One of these pirates was named Edward Teach “Blackbeard”, a famously notorious pirate that started as a sailor on a privateer ship before settling the island of New Providence in the Bahamas. In 1716, Teach had joined the crew of Captain Benjamin Hornigold, who had placed him in second command. The two committed numerous crimes of piracy, and Teach went on to become the famous “Blackbeard” we all know today. Blackbeard has been the inspiration for many pirate themed literary work, films and songs. Although Blackbeard used tactics to scare his victims into giving their gold and goods to him, this was as far as it got as far as history goes. Blackbird was never to have been sighted murdering or even harming his captured victims, unlike what some accounts of history has said.

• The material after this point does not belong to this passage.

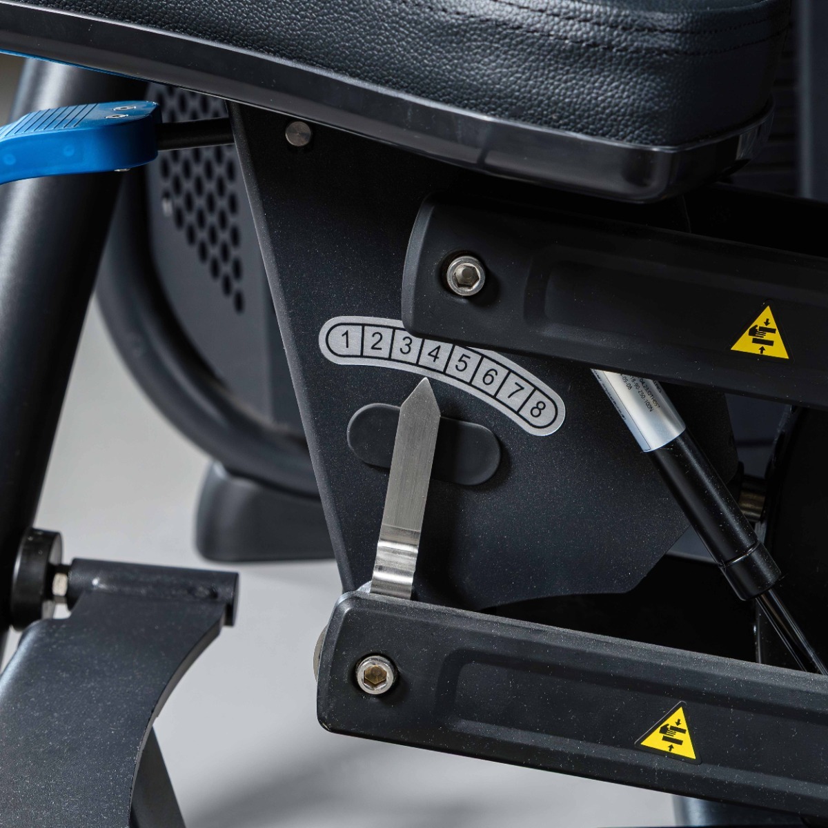 Регулируемая в трёх положениях спинка и регулируемое при помощи сдвоенной системы газовых упоров в восьми положениях анатомическое сиденье велосипедного типа выполнены из вспененного полиуретана с обивкой из премиальной искусственной кожи.
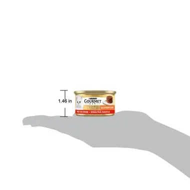 GOURMET™ Gold Savoury Cake innehåller fint skurna bitar av ox, varsamt kryddade med en gnutta sås. De förenas i en läcker måltid som din katt njuter av i varje tugga.

Blackbeard is most famous for taking down one of his first ships, called La Concorde, a French merchant ship. He and his men claimed the ship to be theirs, gave 40 guns across his crew, and renamed the ship to the now famous, “Queen Anne’s Revenge”. Blackbeard’s career came to an end when he and his crew climbed aboard the last ship,the Adventure, and were cornered by Captain Maynard’s men. The fight ended in bloodshed, and Blackbeard was shot and stabbed multiple times to death, and then was beheaded, with his head suspended from bowsprit, to collect the reward.
There are still tales that are told of Blackbeard’s ghost, one of them being that the unexplained lights that are sea out to sea are called “Teach’s Light”, and that he roams the afterlife searching for his head. There have also been claims that Teach’s skull became the basis of a silver chalice in North Carolina, and that a local judge claimed he drank for it in the 1930’s.
Blackbeard’s Tower is one of the many cool things to do in Nassau Bahamas. Even though it has turned into a crumbling monastery, it is still a monument to the pirates of the Caribbean, who used it as a lookout tower in the 1700’s of the Pirates’ Golden Era.